Entries taken from a collection

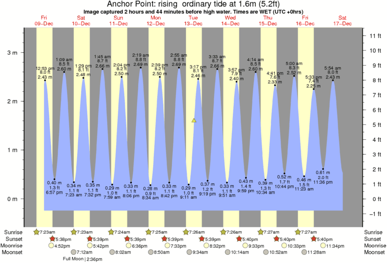 Image captured 2 hours and 44 minutes before high water (rising ordinary tide). Tide height was 1.6m (5.2 ft). Range 3.41m (11.2 ft). Toggle tide graph
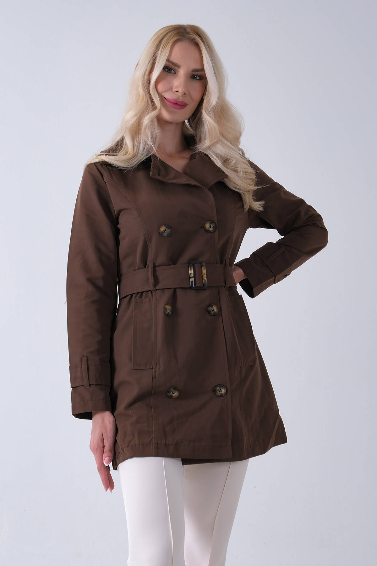 Kahve Düğme Kapamalı Kuşaklı Yandan Cepli Trenç 422235.05
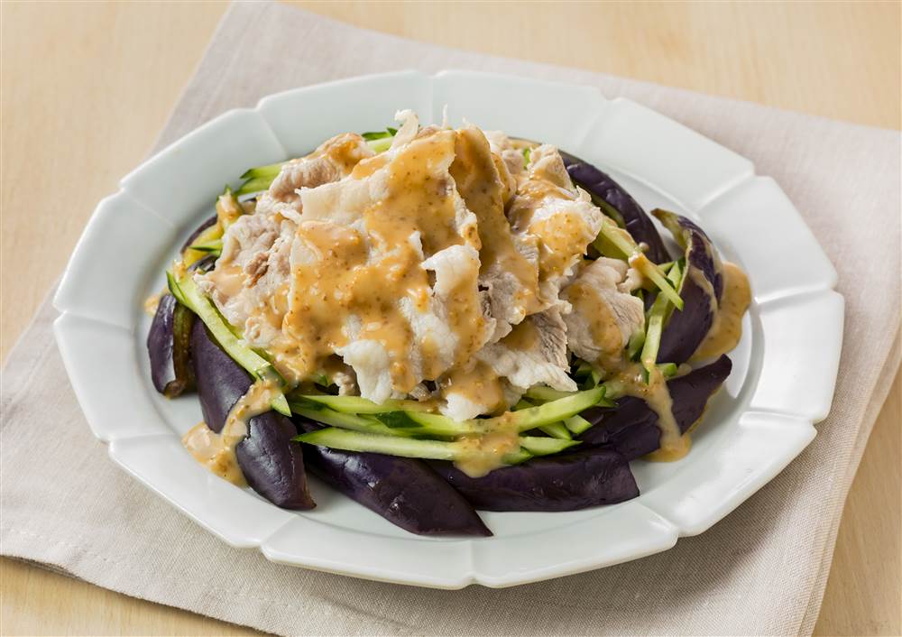 まるごとレンジ加熱して色鮮やかに仕上げたなすと、相性抜群の豚しゃぶに、薬味や柑橘の味わいを加えさっぱりと仕上げた深煎りごまドレッシングがよく合います。シャキシャキしたきゅうりの食感がアクセントです。
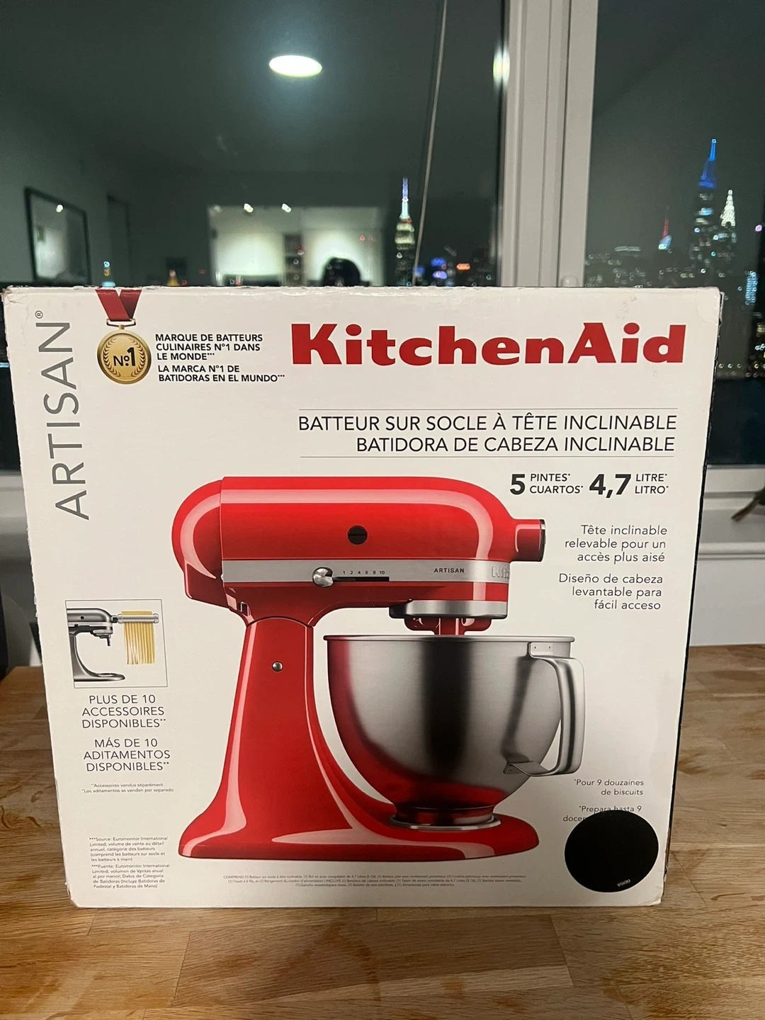 This is a red KitchenAid Artisan stand mixer. It has a 5-quart capacity, equivalent to 4.7 liters. The tilt-head design makes access easy. 3 accessories are available.
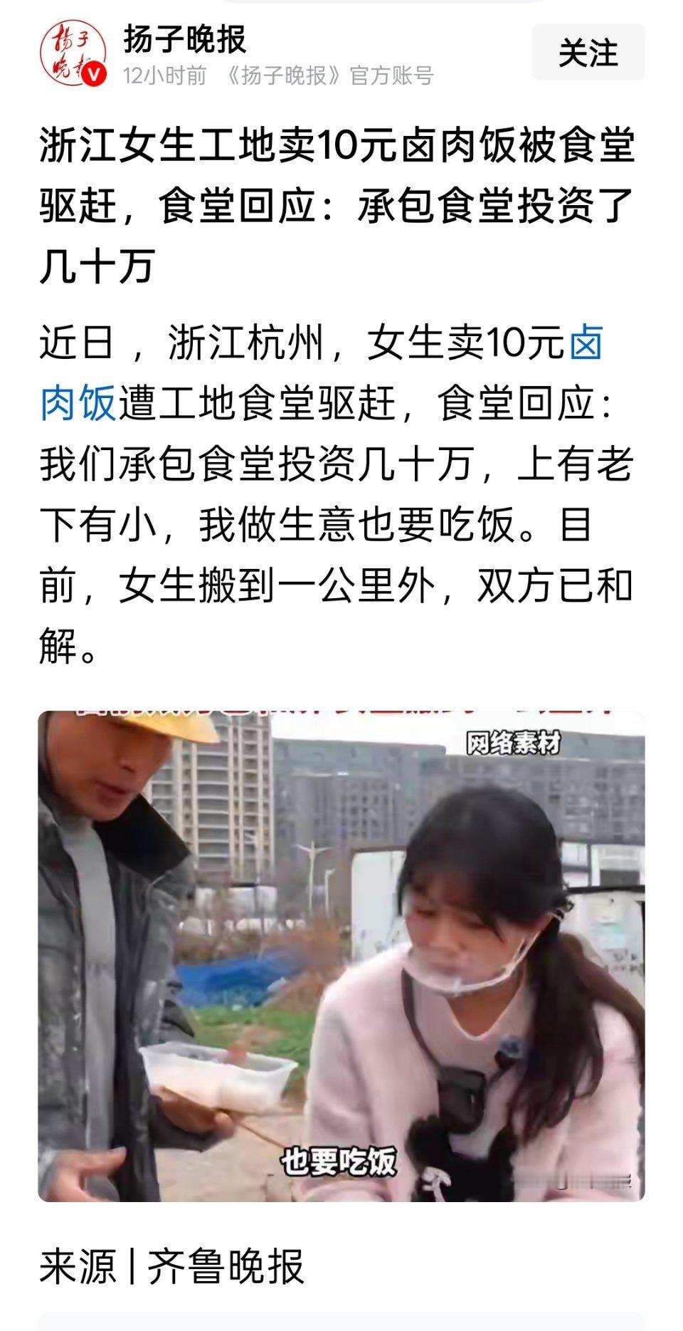 浙江女生工地卖10元卤肉饭被食堂驱赶,食堂回应:承包食堂投资了几十万。你怎么看?
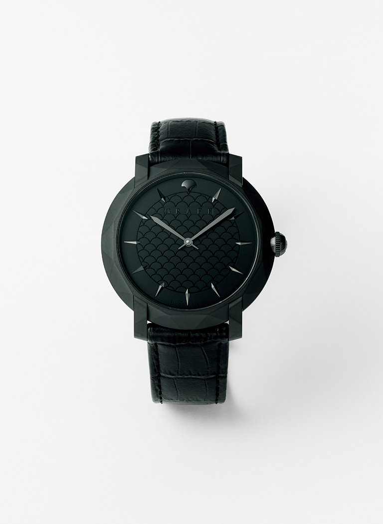 リュウズにはブラックダイヤモンドがあしらわれ、文字盤面にはグラフを象徴するアイコニックパターンの微細な表現が。世界の王族、セレブリティに愛されるジュエラーのエレガンシーが横溢、スリムな黒い感性にうたれる。
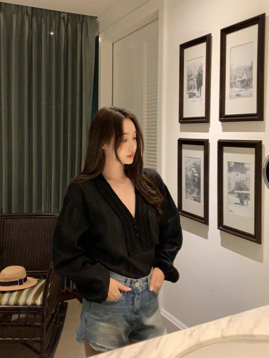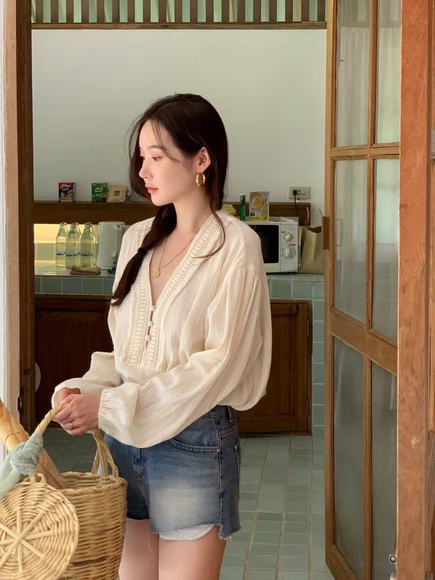 Aug. 波西米娃娃衫V領慵懶肌理紋上衣 米色/黑色
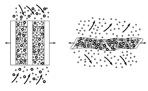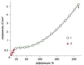 Более того, полимеры, деформированные в адсорбционно-активной среде, - это готовые разделительные мембраны. Мембраны, имеющие размер пор 1-10 нм, служат для очистки жидкостей и газов, для разделения разного рода смесей, в частности для опреснения морской воды путем обратного осмоса. Самые распространенные разделительные мембраны получают с помощью сложных и трудоемких процедур. Так, ядерные фильтры изготавливают, облучая полимерную пленку потоком тяжелых ионов, а затем протравливая места их проникновения (треки) с помощью агрессивных химических веществ [4]. В результате пленки приобретают сквозные цилиндрические отверстия. Широко используются мембраны, получаемые при фазовом разделении растворов полимеров. В этом случае в строго контролируемых условиях в раствор полимера добавляют осадитель, в результате чего полимер выделяется в осадок. Последующая сушка осадка дает пористую полимерную пленку, которая и работает затем разделительной мембраной. Регулируя условия фазового разделения, можно получать пористые пленки с порами различных размеров [5].
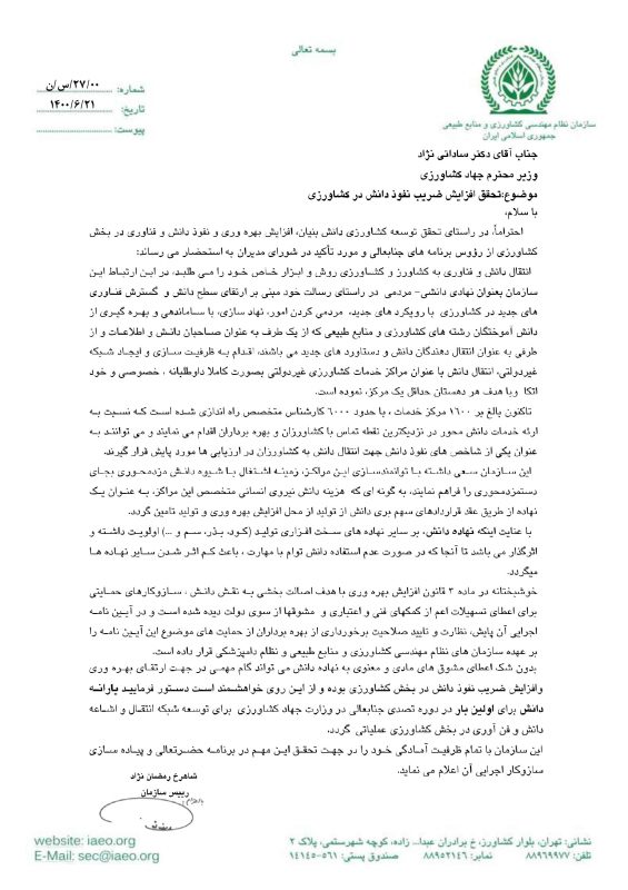 شایان ذکر است در این نامه رییس سازمان مرکزی، اختصاص یارانه دانش برای اولین بار در دوره تصدی وزارت جهادکشاورزی برای توسعه شبکه انتقال و اشاعه دانش و فناوری در بخش کشاورزی را از وزیر جهادکشاورزی خواستار شده است.
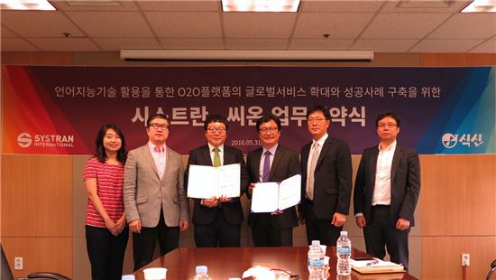 [아시아경제 강희종 기자]다국어 자동 통·번역 및 지능형 언어처리 전문 기업인 시스트란인터내셔널(대표 최창남 www.systrangroup.com)과 위치기반 소셜 서비스 개발사 씨온(대표 안병익)은 시스트란 그룹 본사에서 언어지능 기술 활용을 통한 O2O 플랫폼의 글로벌 서비스 확대와 성공사례 구축을 위해 양사 간 협업지원의 내용을 담은 업무협약을 체결했다고 31일 밝혔다.

The task:
Any pictures are to be skipped, and the lines from the beginning of the entries through the line with "Kahve Düğme Kapamalı" copied exactly.

Your response:
 Image captured 2 hours and 44 minutes before high water (rising ordinary tide). Tide height was 1.6m (5.2 ft). Range 3.41m (11.2 ft). Toggle tide graph
 Kahve Düğme Kapamalı Kuşaklı Yandan Cepli Trenç 422235.05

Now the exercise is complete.